Пекин откровенно заигрывал с Далай-ламой и Панчен-ламой, пытаясь привлечь их на свою сторону. Осенью 1954 г. оба тибетских лидера по приглашению Мао Цзедуна посетили Пекин для участия в торжествах, посвященных 5-летней годовщине КНР. На приеме, устроенном по этому поводу китайскими властями, Далай-лама впервые встретился с руководителями Советского государства Н.С. Хрущевым и H.A. Булганиным, которые не произвели на него большого впечатления в отличие от пандита Неру2х. В своих мемуарах Далай-лама пишет, что сидевший рядом с ним за банкетным столом советский посол в Китае «выказал дружелюбие и интерес» к его впечатлениям о социализме. Когда Далай-лама ответил, что видит в социализме большие возможности, посол тут же пригласил его посетить СССР. Это предложение показалось Далай-ламе заманчивым, и у него возникло сильное желание совершить такую поездку в качестве рядового члена какой-нибудь делегации, которое ему, однако, не удалось осуществить.29 Вообще же в тот период Далай-ламе, по его собственному признанию, нравился марксизм: в нем он прежде всего видел «систему, основанную на всеобщем равенстве и справедливости по отношению ко всем людям, что провозглашалось панацеей от всех бед. Единственным недостатком марксизма с теоретической точки зрения было отстаивание «чисто материалистического взгляда на человеческое существование», с которым Далай-лама не мог согласиться. Не нравились Далай-ламе и методы, которые китайцы использовали для достижения своих идеалов.
В 1954 г. произошли еще два важных события, непосредственно отразившиеся на дальнейшей судьбе Тибета: принятие первой конституции КНР, закрепившей положение о районной национальной автономии, и подписание китайско-индийского договора, в котором правительство Индии признало суверенитет Китая над Тибетом. Особенно значимым был договор с Индией - фактически он означал официальное международное признание такого суверенитета и тем самым предоставил пекинским властям свободу действий в Тибете. Теперь они могли действовать без оглядки на Индию и западные страны и не опасаться их вмешательства на стороне тибетского правительства30. Оба эти события подтолкнули центральное правительство Китая к проведению административной реформы в Тибете - учреждению в Лхасе Подготовительного комитета по созданию Тибетского автономного района (ПКТАР) во главе с Далай-ламой (председатель), Панчен-ламой и Чжаном Гохуа (заместители председателя). Этот орган государственной власти, напрямую подчиненный Госсовету, должен был стать новым и фактически единственным правительством Тибета, заменив собой местные органы управления - администрацию Далай-ламы (Кашаг), совет «Каньбу» при Панчен-ламе и Народно-освободительный комитет Чамдо, ведавший делами Восточного Тибета31.

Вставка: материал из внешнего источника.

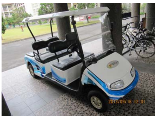
Photo1: the electricity car made by Gadjah Mada University

At first, we visited the historian city of Indonesia, Yogyakarta, where the Gadjah Mada University located. In the university, there was a joint academy assembly of the two universities. At the academy assembly, participants from both universities made a good communication.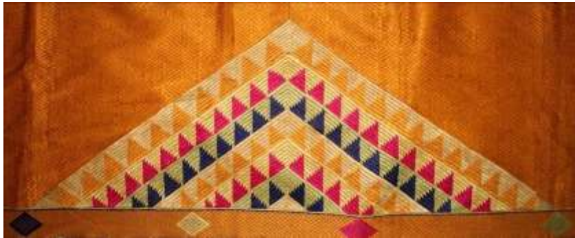
Figure 6: Phulkārī; Ghunghat bāgh

To represent unity in multiplicity the triangular shape of the mountain is the best example. Because base of the triangle is the multiple and so many multiple lines unite in one point. 21 In Ghunghat bāgh phulkārī triangular shape is made like a mountain which symbolically related to the unity in multiplicity. Ghunghat is veil used by women to cover them. It is a three cornered shawl which is used by the bride to cover her face. This shawl is also used to cover one’s self from elderly as a sign of respect. The bāgh is done on the side which covers the face. In east Punjab Sarpallū is used which is alternative to Ghunghat bāgh . Sarpallū as well as bāgh have red background on which embroidery is done with golden yellow or multicolored thread. 22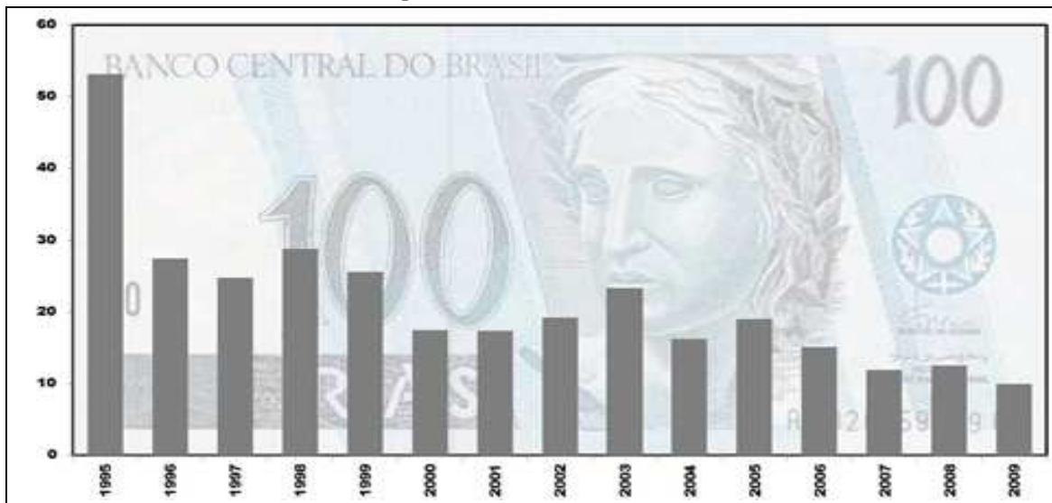
Graph 2 – Selic Interest Rate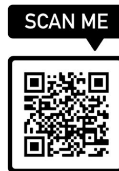
Figure 3. Clinical tool for stratifying severity in patients with pulmonary involvement due to COVID-19.

This study has several limitations. First, as a multi-center study, there was considerable variability in COVID-19 prevalence. Second, inter-operator variability, which was minimized by standardizing the examination and including only physicians experienced in clinical ultrasound. Third, the possibility of false positives or negatives during the early pandemic period due to the initial performance of PCR tests. Despite these limitations, we conclude that scales integrating LUS with clinical or laboratory data may be useful to predict and anticipate which patients are likely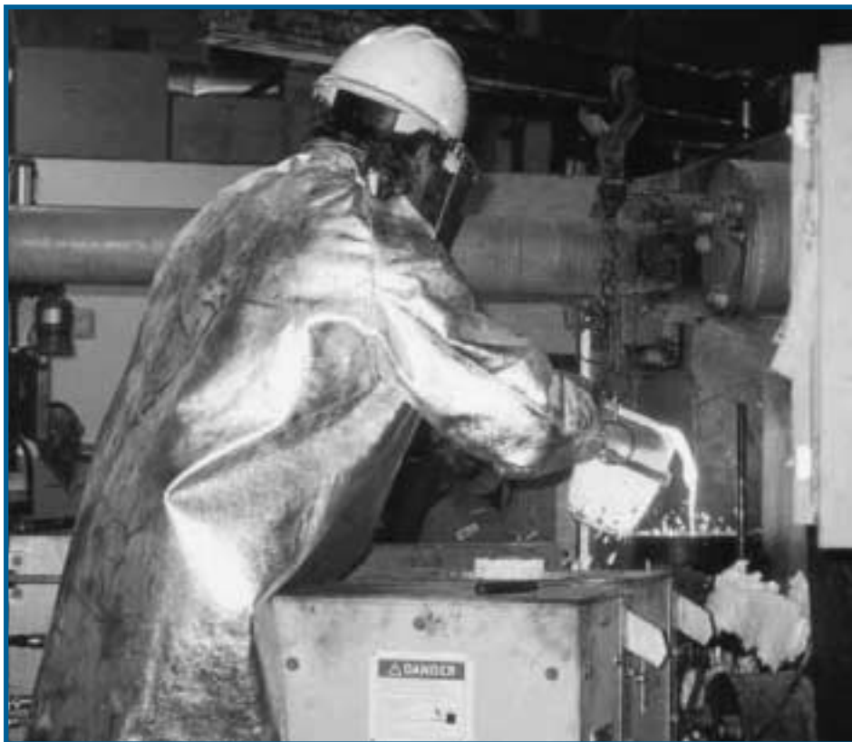
A craftsman at the Formcast Incorporated facility in Denver pours molten copper into a die form for casting.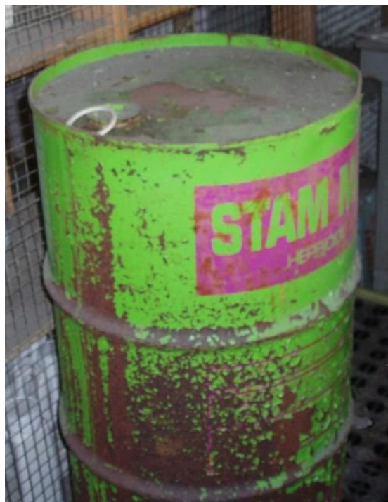
Figure 5. Moisture can cause pesticide storage containers made of metal to rust.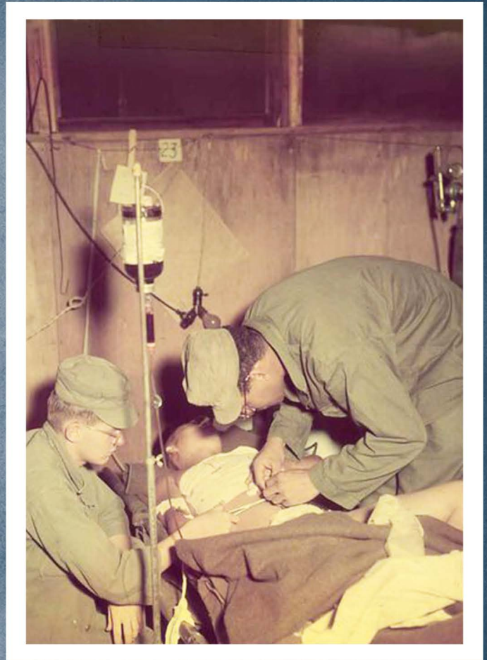
BLOOD TRANSFUSION AT MOBILE ARMY SURGICAL HOSPITAL (MASH) UNIT IN 1950S

The ASBP has a mission of readiness. We are tasked with equipping service members in the heart of battle with the blood products they need, wherever and whenever they need them. Anyone receiving blood far forward and deployed to areas known and unknown is through us.

Создание ПКТАР вызвало большое недовольство тибетцев, которое усилилось после того, как центральное правительство, вопреки собственным заверениям и положе-
ниям Соглашения 1951 г., приступило в декабре 1955 г. к проведению земельных реформ в Тибете. Эти реформы (безвозмездная конфискация монастырских земель и введение кооперативной системы землепользования) неизбежно привели к конфронтации с ламаистским духовенством, остававшимся главной политической силой в стране. Во второй половине 1950-х начались стихийные антикитайские выступления в восточных районах Тибета, в Каме и Амдо, которые вскоре приняли характер широкомасштабных военных действий, по сути партизанской войны, с целью завоевания независимости Тибета. Потерпев поражение в боях с НОАК, отряды кампа и амдова переместились в южный Тибет, где в районе Лока создали свою основную базу. Далай-лама и лхасские власти не препятствовали этому, но и не оказывали какой-либо помоши повстанцам, хотя и сочувствовали их борьбе.
Эта борьба восточно-тибетских племен получила поддержку США: в декабре 1955 г. американский президент Д. Эйзенхауэр разрешил шефу ЦРУ Аллену Даллесу приступить к разработке секретных операций с целью подрыва «международного коммунизма», что привело к созданию различных подпольных групп и отрядов сопротивления. Известно, что ЦРУ подготовило для диверсионной борьбы на базе Кэмп Хейл (Колорадо) в течение 6 лет примерно 170 тибетцев, которые затем были заброшены в Восточный Тибет различными способами. Американцы также доставляли камским мятежникам оружие и боеприпасы, которые сбрасывались с самолетов12.
Поддержка США тибетских повстанцев, однако, носила ограниченный характер и не привела к их существенному усилению. Объясняется это тем, что Вашингтон в своей антикитайской политике гораздо больше рассчитывал на укрепившийся на Тайване режим Чан Кайши, чем на другие оппозиционные Пекину силы, включая тибетское повстанческое движение и тибетскую эмиграцию в Калимпонге.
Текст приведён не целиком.